- DATASET RECORDS -
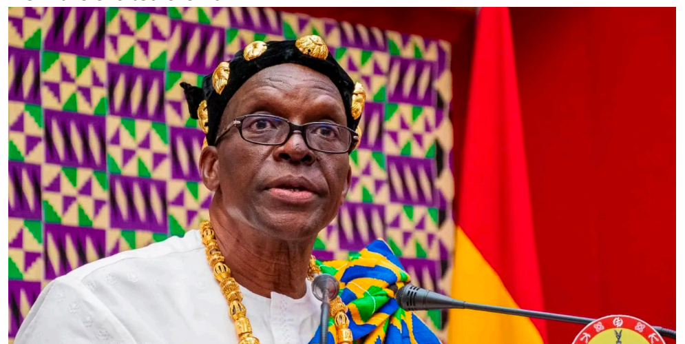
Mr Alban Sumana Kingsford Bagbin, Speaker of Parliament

--

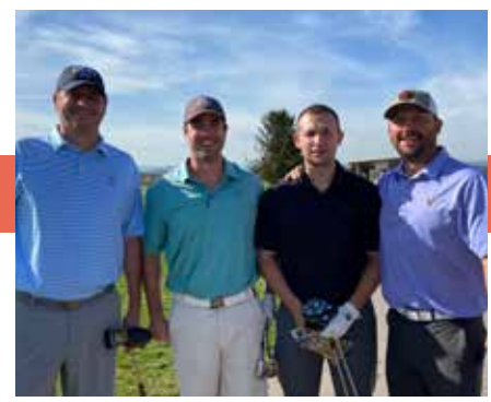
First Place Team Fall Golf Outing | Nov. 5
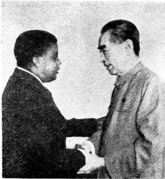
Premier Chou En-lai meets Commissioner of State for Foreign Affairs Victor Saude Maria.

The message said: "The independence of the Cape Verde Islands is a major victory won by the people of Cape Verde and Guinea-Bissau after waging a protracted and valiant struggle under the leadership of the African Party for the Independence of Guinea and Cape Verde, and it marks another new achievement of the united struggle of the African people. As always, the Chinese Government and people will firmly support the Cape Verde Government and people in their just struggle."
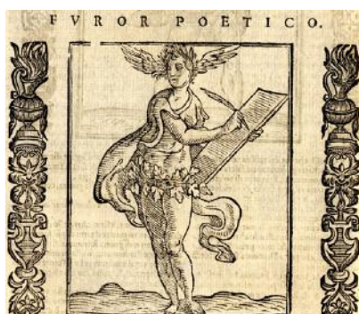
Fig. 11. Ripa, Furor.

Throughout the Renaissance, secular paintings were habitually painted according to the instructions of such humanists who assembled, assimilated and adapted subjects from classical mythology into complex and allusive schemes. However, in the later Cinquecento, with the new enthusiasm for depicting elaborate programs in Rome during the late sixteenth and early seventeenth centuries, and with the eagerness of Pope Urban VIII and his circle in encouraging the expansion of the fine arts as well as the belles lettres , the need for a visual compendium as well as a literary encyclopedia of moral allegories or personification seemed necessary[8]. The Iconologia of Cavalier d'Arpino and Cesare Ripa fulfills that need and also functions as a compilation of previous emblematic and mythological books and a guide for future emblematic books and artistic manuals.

- TASK -
In the material above, one part opens with the line containing "independence of the" and closes with the line containing "Fig. 11. Ripa, Furor.". Write out that part exactly and skip its pictures.

- RESPONSE -
The message said: "The independence of the Cape Verde Islands is a major victory won by the people of Cape Verde and Guinea-Bissau after waging a protracted and valiant struggle under the leadership of the African Party for the Independence of Guinea and Cape Verde, and it marks another new achievement of the united struggle of the African people. As always, the Chinese Government and people will firmly support the Cape Verde Government and people in their just struggle."
Fig. 11. Ripa, Furor.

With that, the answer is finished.